= Task details =
Output must consist only of the lines of the material below from the one with "当记者针对此事进行采访时,夏" through the one with "Selv om blomstene", each reproduced exactly; no pictures belong in it.

= Material provided =
■ ■ ■ ■

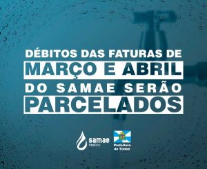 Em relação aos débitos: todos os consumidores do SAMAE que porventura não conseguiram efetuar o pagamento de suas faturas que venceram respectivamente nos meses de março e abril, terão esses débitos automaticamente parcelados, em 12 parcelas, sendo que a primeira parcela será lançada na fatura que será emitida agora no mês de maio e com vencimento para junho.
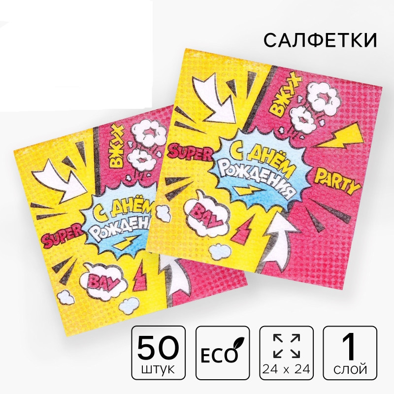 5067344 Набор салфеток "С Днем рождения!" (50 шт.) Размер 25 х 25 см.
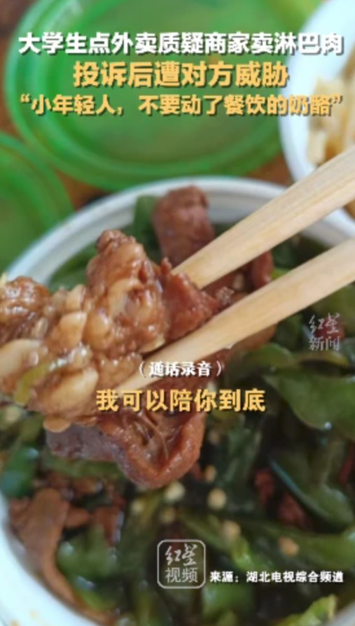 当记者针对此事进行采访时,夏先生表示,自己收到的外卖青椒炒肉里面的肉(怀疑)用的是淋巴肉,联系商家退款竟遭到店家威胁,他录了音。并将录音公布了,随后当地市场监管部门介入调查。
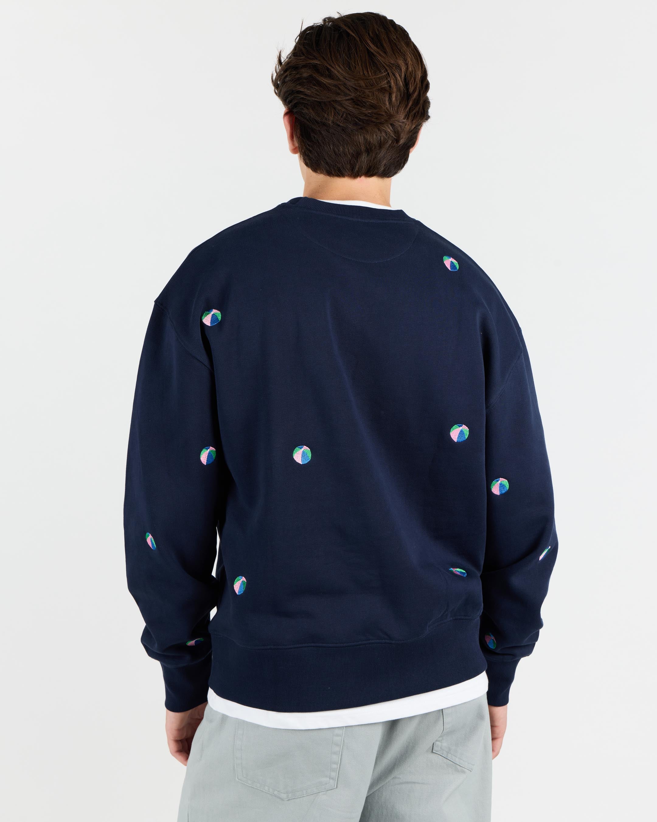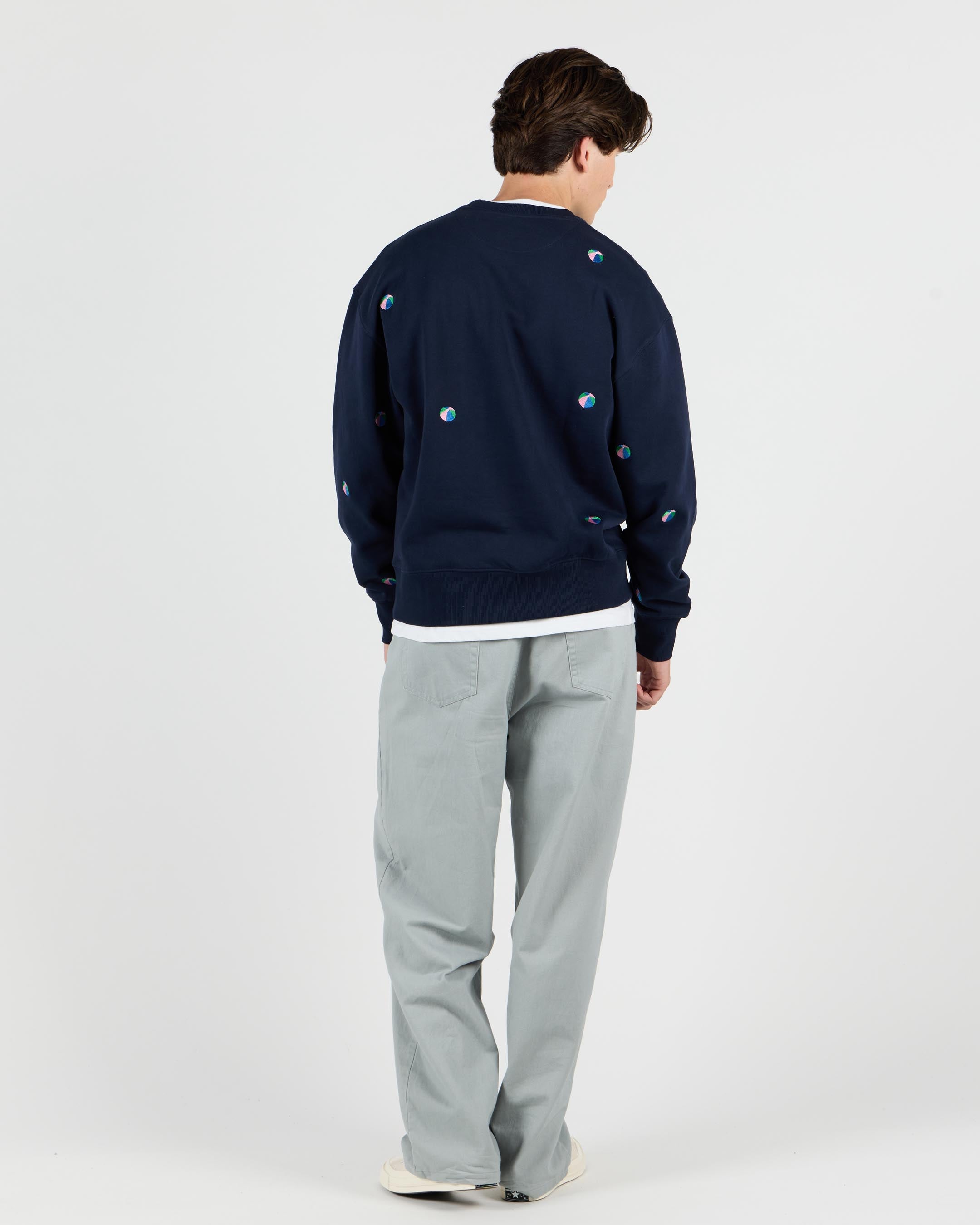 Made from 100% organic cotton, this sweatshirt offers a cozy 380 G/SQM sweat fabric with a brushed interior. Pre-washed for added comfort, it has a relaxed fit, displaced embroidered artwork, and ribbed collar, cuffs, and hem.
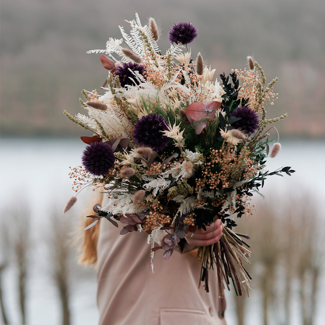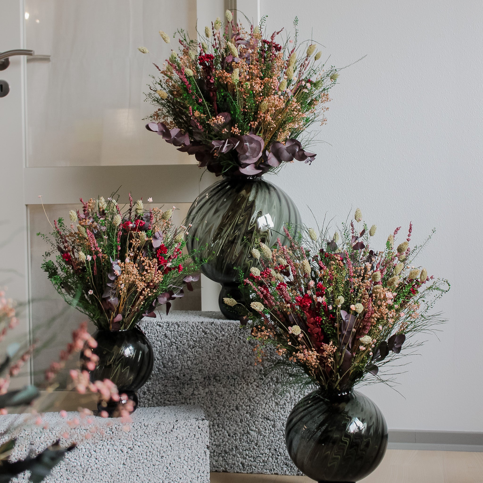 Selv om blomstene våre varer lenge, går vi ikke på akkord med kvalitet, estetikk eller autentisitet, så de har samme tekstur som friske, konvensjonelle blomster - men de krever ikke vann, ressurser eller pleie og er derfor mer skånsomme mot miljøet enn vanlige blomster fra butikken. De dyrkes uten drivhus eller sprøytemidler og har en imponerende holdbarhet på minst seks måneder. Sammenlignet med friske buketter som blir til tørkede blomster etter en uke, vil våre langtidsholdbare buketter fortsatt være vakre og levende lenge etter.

■ ■ ■ ■

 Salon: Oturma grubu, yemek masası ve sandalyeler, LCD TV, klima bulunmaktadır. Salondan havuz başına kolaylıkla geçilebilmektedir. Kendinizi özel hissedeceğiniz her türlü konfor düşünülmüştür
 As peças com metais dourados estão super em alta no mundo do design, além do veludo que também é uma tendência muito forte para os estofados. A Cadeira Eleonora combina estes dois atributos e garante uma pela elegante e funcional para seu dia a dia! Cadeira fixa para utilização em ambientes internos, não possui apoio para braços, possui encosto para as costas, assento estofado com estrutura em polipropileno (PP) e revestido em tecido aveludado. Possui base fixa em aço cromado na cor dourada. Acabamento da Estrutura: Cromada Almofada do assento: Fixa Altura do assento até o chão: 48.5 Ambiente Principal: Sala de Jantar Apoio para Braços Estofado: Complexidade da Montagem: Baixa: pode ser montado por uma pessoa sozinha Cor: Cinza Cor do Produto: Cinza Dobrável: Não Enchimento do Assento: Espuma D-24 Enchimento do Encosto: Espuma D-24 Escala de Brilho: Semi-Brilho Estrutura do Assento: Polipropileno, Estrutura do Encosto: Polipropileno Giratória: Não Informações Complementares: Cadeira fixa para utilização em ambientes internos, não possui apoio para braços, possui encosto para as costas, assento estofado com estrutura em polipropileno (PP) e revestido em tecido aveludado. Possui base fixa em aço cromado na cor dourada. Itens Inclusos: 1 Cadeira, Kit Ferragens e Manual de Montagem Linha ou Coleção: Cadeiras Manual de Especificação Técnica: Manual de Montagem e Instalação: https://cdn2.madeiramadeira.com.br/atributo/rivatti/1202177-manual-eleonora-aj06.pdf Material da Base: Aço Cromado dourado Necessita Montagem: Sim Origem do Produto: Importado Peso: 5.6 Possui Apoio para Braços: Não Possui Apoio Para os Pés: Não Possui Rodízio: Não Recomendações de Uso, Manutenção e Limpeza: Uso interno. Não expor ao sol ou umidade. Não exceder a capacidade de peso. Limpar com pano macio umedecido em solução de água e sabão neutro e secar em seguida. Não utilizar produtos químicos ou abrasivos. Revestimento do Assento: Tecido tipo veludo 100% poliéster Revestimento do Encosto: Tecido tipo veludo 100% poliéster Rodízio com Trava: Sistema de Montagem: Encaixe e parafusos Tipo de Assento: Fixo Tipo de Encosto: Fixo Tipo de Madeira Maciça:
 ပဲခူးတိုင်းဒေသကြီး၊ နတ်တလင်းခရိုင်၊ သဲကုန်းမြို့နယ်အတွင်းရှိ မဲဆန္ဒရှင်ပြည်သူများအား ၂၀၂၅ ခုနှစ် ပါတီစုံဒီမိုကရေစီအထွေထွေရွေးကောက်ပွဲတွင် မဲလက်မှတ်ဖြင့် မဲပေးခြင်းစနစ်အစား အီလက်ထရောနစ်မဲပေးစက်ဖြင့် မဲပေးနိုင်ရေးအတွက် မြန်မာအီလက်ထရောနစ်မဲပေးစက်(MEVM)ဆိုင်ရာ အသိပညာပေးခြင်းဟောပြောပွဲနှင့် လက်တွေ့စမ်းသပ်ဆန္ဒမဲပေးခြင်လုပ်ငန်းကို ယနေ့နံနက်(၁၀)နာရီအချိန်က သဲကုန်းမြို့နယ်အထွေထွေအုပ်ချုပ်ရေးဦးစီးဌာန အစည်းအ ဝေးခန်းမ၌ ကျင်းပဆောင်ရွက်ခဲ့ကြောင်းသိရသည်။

■ ■ ■ ■

= Task output =
 当记者针对此事进行采访时,夏先生表示,自己收到的外卖青椒炒肉里面的肉(怀疑)用的是淋巴肉,联系商家退款竟遭到店家威胁,他录了音。并将录音公布了,随后当地市场监管部门介入调查。
 Made from 100% organic cotton, this sweatshirt offers a cozy 380 G/SQM sweat fabric with a brushed interior. Pre-washed for added comfort, it has a relaxed fit, displaced embroidered artwork, and ribbed collar, cuffs, and hem.
 Selv om blomstene våre varer lenge, går vi ikke på akkord med kvalitet, estetikk eller autentisitet, så de har samme tekstur som friske, konvensjonelle blomster - men de krever ikke vann, ressurser eller pleie og er derfor mer skånsomme mot miljøet enn vanlige blomster fra butikken. De dyrkes uten drivhus eller sprøytemidler og har en imponerende holdbarhet på minst seks måneder. Sammenlignet med friske buketter som blir til tørkede blomster etter en uke, vil våre langtidsholdbare buketter fortsatt være vakre og levende lenge etter.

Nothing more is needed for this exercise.